This blog might well be titled, “Charlotte Smith, where have you been all my life?” because Smith was a major influence on the development of the early novel, and yet I only just discovered Charlotte Turner Smith (1749-1806) about a year ago when my friend Ellen Moody began blogging about her. Then I began to wonder why I had never heard of her. She was a poet much respected by the Romantics—in fact, she was a distant relative by marriage of Wordsworth and gave him letters of introduction when he went to France. She also wrote ten novels that were very popular and influential in their day. She wrote them all between 1788 and 1798. The first, Emmeline, or the Orphan of the Castle, was a bit immature in style and structure, but it set the tone for much of her later work. The plot concerns an orphan, the believed illegitimate daughter of a nobleman, who, to make a long story short, discovers she is the legitimate daughter of her father and therefore the rightful heir to the castle, despite the manipulations of a rather sinister uncle. Emmeline also has a series of troublesome suitors before she marries the man she loves. I couldn’t help but be reminded of Radcliffe when I read it—the sinister uncle, the illegitimacy, all feel very Gothic, although it is not a Gothic novel.

Charlotte Smith's second novel, Ethelinde, has just been released by Valancourt Books as a critical edition with an introduction by Ellen Moody.

Charlotte Smith’s second novel, Ethelinde, has just been released by Valancourt Books as a critical edition with an introduction by Ellen Moody.

Then I read Smith’s second novel, Ethelinde, or The Recluse of the Lake (1789). By her second novel, Smith had matured into an accomplished novelist. The novel has just been released for the first time in a critical edition by Valancourt Books, complete with an introduction and notes by Ellen Moody. Upon reading this book, I could well see why Moody feels such enthusiasm for Smith.

Moody had previously told me that Smith uses Gothic elements in her novels, although none of the novels can be rightly termed Gothic.
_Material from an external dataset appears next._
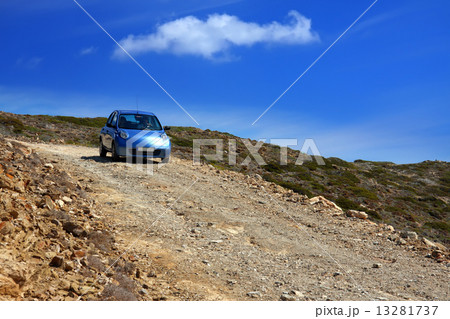The car on a dirt road on a mountain slope. Greece. Rhodes..
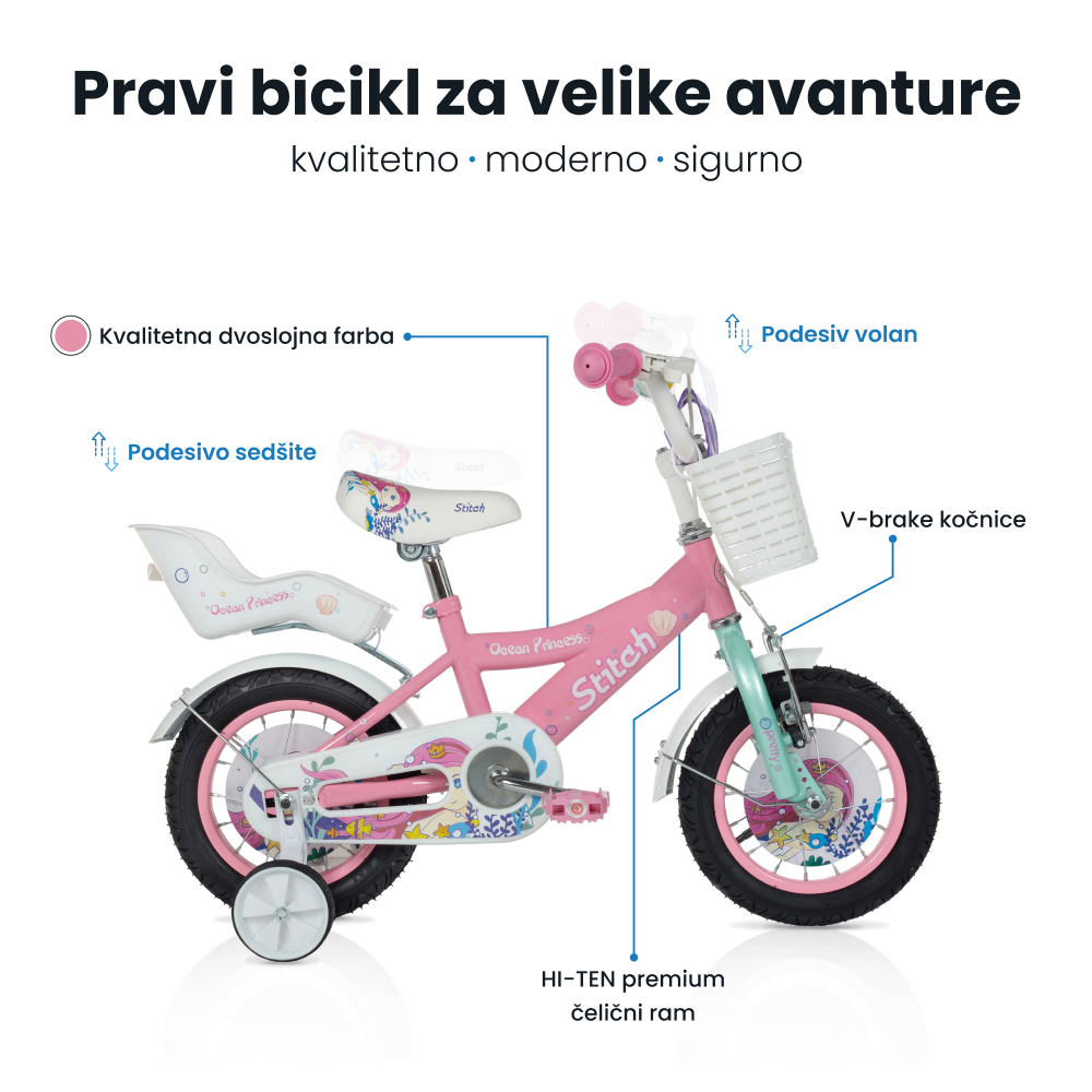 Ovaj 12-inčni bicikl za decu predstavlja najbolji poklon kome će se radovati sve devojčice uzrasta od 2 do 4 godine. Dizajn ovog bicikla čine motivi sirene koji se predivno preslikavaju duž cele bicikle koja je roze boje. Dizajn sa niskim prelazom idealan je za Vaše dete i omogućava lakše penjanje i spuštanje svakoj devojčici na ovu dečiju biciklu.

I would certainly not consider Ethelinde to be Gothic, but there are some Gothic elements in it, and Moody says that it was an influential novel upon Ann Radcliffe and Jane Austen, which I can well believe. In her introduction, Moody draws parallels between the novel and Austen’s Mansfield Park specifically.

When I read Ethelinde, I really felt like it was a bridge between the earlier eighteenth century novelists and Radcliffe and Austen. There is much in the novel that owes a debt to earlier sentimental or sensibility novels and the novel of manners. At one point, Ethelinde is in danger of being raped, a clear nod to Richardson’s Clarissa (1748). Ethelinde is also subjected to a host of disagreeable relatives, which reminded me a great deal of Fanny Burney’s Evelina (1778). In Evelina, the title character is more or less persecuted by her middle class relatives who lack genteel manners. In this novel, Ethelinde has both middle class and wealthy relatives, none of whom are quite as comical as in Evelina, but who still have comical elements and some of them are far more cruel in their snobbery and putting on airs once Ethelinde finds herself largely without a protector and penniless.

But what most interested me about this novel was how it is a precursor to Romanticism and Radcliffean Gothic. The Romantic Movement is usually dated from 1798 when Wordsworth and Coleridge published The Lyrical Ballads, but there is much in Smith that shows Romanticism was already alive a decade earlier. Ethelinde opens at Grasmere Castle, a fictional castle in the Lake District. It was so popular with readers that many went to the Lake District and came away disappointed that it wasn’t real. It’s possible that the depiction of the castle inspired Wordsworth later to settle in Grasmere. Both Wordsworth and Coleridge were admirers of Smith’s poetry as well, which often focused on nature.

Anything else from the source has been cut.